I assume that GPUs 0-3 are on one IOHub, and therefore can use Unified Virtual Addressing to read each other’s memory. I assume the same for GPUs 4-7. I think for this to reach full performance, I am also assuming your motherboard has PCI-Express switches joining GPUs 0-1, 2-3, 4-5, 6-7, and you have enough CPU memory bandwidth to transfer to two GPUs at full PCI-Express speed (probably true on a motherboard like this).
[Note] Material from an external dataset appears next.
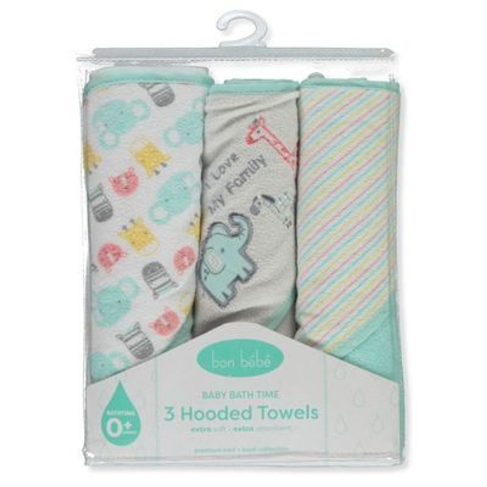Pide ya las toallas con capucha para completar la hora del baño con este paquete de 3 de Bon Bebe!. Juego de 3 toallas con capucha Bon Bebe Estampados diseños como se muestra Extra absorbente 60 % algodón, 40 % poliéster Lavar a máquina en frío

In that situation, every step below involves PCI-Express transfers that could all run concurrently.
Step 1: Simultaneously compute
GPU 0: S.01 = V.0 + V.1 [fetch from GPU 1 in sum kernel]
GPU 2: S.23 = V.2 + V.3 [fetch from GPU 3 in sum kernel]
GPU 4: S.45 = V.4 + V.5 [fetch from GPU 5 in sum kernel]
GPU 6: S.67 = V.6 + V.7 [fetch from GPU 7 in sum kernel]
Step 2: Simultaneously compute
GPU 0: S.0123 = S.01 + S.23 [fetch from GPU 2 in sum kernel]
GPU 4: S.4567 = S.45 + S.67 [fetch from GPU 6 in sum kernel]
Step 4: Compute final sum in both IOH domains
GPU 0: S = S.0123 + S.4567 [fetch from CPU pinned memory]
GPU 4: S = S.4567 + S.0123 [fetch from CPU pinned memory]
[Note: Edited next two steps to resolve tera’s comments below]
Step 5:
GPU 2: Fetch S from GPU 0
GPU 6: Fetch S from GPU 4
Step 6:
GPU 1: Fetch S from GPU 0
GPU 3: Fetch S from GPU 2
GPU 5: Fetch S from GPU 4
GPU 7: Fetch S from GPU 6
Done! Only took 6 steps.
What was your naive solution that took 7 steps? My naive first solution took 14. :)